Q&A with... LSU freshman Caroline Nistrup, who nearly scored her big breakthrough March 9 at the Darius Rucker Intercollegiate. Nistrup, a longtime member of the Danish national team, lost to Duke’s Yu Liu on the first hole of sudden death. It was the third top-5 finish this year for Nistrup.

How did you approach the Darius Rucker playoff with Yu Liu?

I think we were both pretty nervous. I hit the fairway and then ... I was just trying to get it to the middle of the green, just try to get it to the right place on the green to have a good putt. I did that and she just made it and I didn’t.

You have a fourth-, a third- and now a second-place finish. What have you learned with each time you’ve been in contention this season?

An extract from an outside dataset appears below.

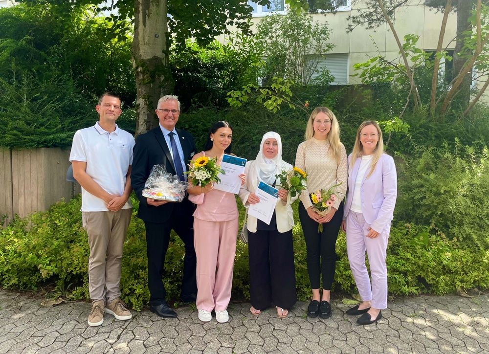Freuen sich über den erfolgreichen Abschluss: (v.l.) Robert Püschel, Bereichsleiter Pflege am Ortenau Klinikum in Kehl, Dr. Peter Kraemer, Medizinscher Vorstand, Absolventinnen Samira Müller und Naouel Boughachiche, Kimberly Bilger, Assistentin des Medizinischen Vorstands, sowie Kathleen Messer, Pflegerische Vorständin.

I learned last year when I was leading a tournament after the second round and I kind of went out and played really aggressive in the final round and I lost some shots over that because I got impatient. I learned just to keep patient and the score will come by itself. I’ve gotten closer, it was a first place this time. Now I just need to win the playoff.

How has you game improved since you’ve been at LSU?

I’m hitting a lot of fairways and greens and that’s important for these courses over here – especially hitting a lot of greens. I’ve been hitting good shots, hitting a lot of shots close and I’ve been learning how to make some more putts. I kind of got it together in this tournament.

Growing up in Denmark, what professional player inspired you as you were learning to play?

We had one Danish player (Iben Tinning) that was really good. Annika Sorenstam is from Sweden so she’s always been a great one. Always I’ve liked Suzann Pettersen from Norway. She’s a really good player and she just keeps scoring all the time, I think that’s pretty cool.

You’ve been a member of the Danish national team since 2007. What was the most valuable part of that experience for your game?

I knew how it was to play on a team and how it was to travel all the time so I think it made it a lot easier to come over here because I was used to all the traveling and being away from home.